[Stored data entries]
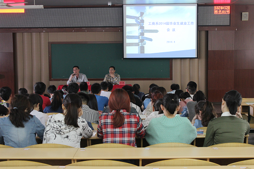 4月17日下午,工商管理系在善学楼101召开“2014届毕业生就业工作会议”。工商管理系书记李建中、学工办主任林香港、14届毕业班全体班主任、学工办辅导员及全体14届在校毕业生参加了本次会议。
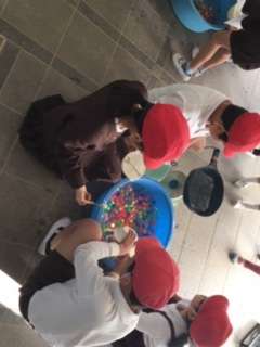 (写真上から今回の目当て、スーパーボール救い、宝さがしの様子です。)
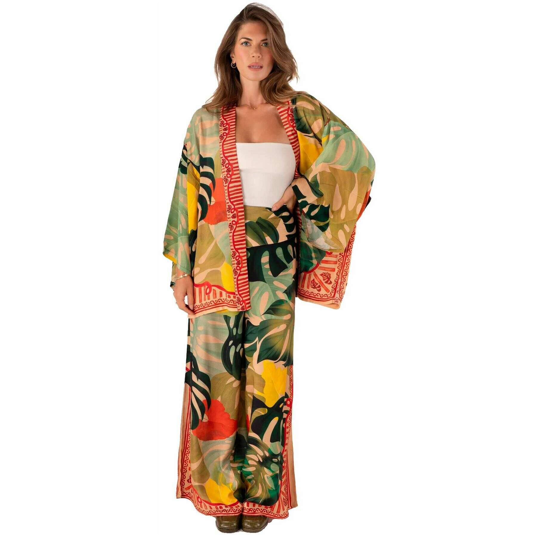 Veste Kimono Feuilles Exotiques Poudre - Vert/Beige/Jaune
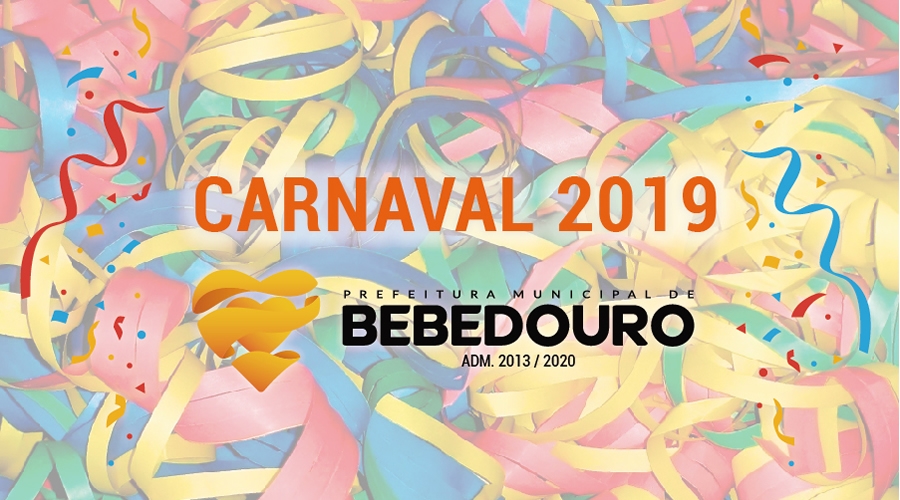 A Prefeitura de Bebedouro, por meio do Departamento Municipal de Cultura, informa que começa nesta sexta-feira (01/03), a partir das 19h a programação do Carnaval 2019. A festa será realizada com muita música e animação de qualidade na região do Lago Artificial de Bebedouro e no Centro Social Urbano do Jardim Alvorada. As atrações serão realizadas até a segunda-feira (04/03).
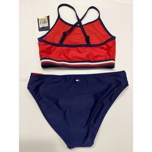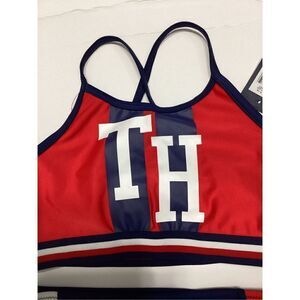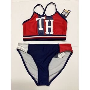 New. Kids Tommy Hilfiger flag bikini. S-top/M-bottom. Mixed sizes. A Hilfiger signature red, white and blue colors. This kid’s bikini is adorable! The iconic TH symbol on the top. And the color black bottoms are perfect together. This suit is high quality fabric fully lined. Elastic band on the top.
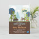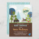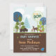 Una colorida invitación a la ducha de bebé de un bosque con animales del bosque y árboles coloridos con un fondo con motivos de grano de madera.
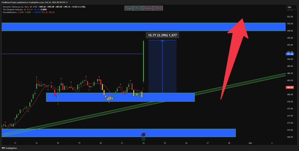 A notable pop from Berkshire Hathaway during the weekend sees the stock holding strong after record Q4 operating profits. We secured a 3.29% gain after the market opened today.
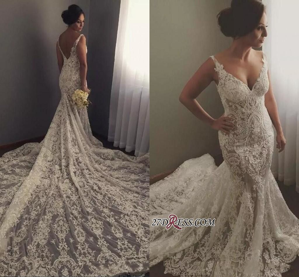 Sexy Mermaid Lace Wedding Dresses 2019 Deep V Neckline Low Back Vintage Low Back Wedding Dresses
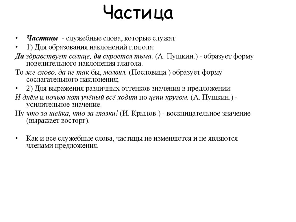 Как и все служебные слова, частицы не изменяются и не являются
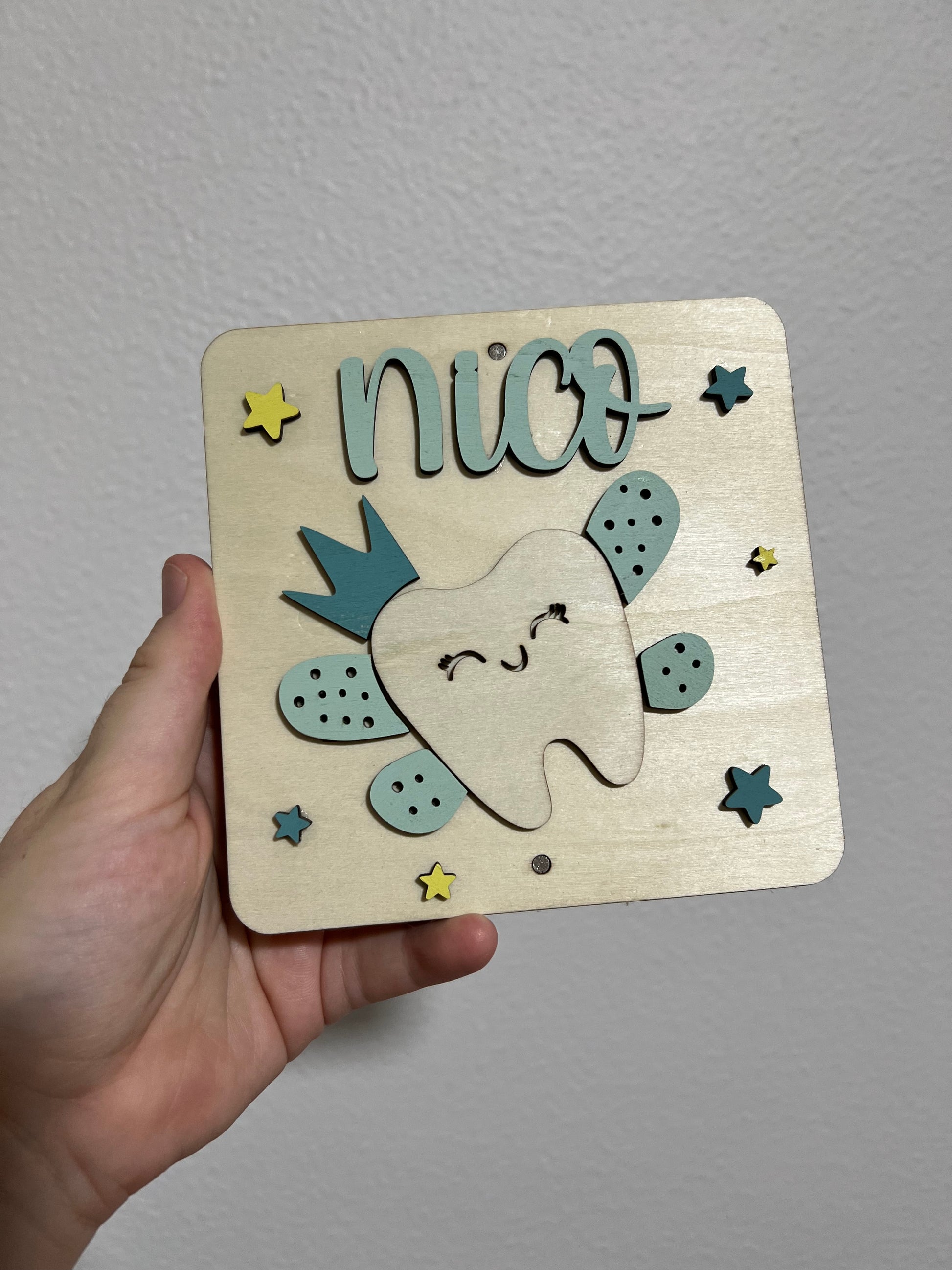 Caja para guardar los dientes personalizada. Tiene un hueco para cada diente y una línea para escribir la fecha en la que cae el diente. Se cierra con imán

TASK PROMPT |
Only the lines starting at the one that includes "(写真上から今回の目当て、スーパーボール救い、宝さがしの様子です。)" and ending at the one that includes "Veste Kimono Feuilles" should be retyped, exactly, from the records above; no pictures.

ANSWER TO THIS PROBLEM |
 (写真上から今回の目当て、スーパーボール救い、宝さがしの様子です。)
 Veste Kimono Feuilles Exotiques Poudre - Vert/Beige/Jaune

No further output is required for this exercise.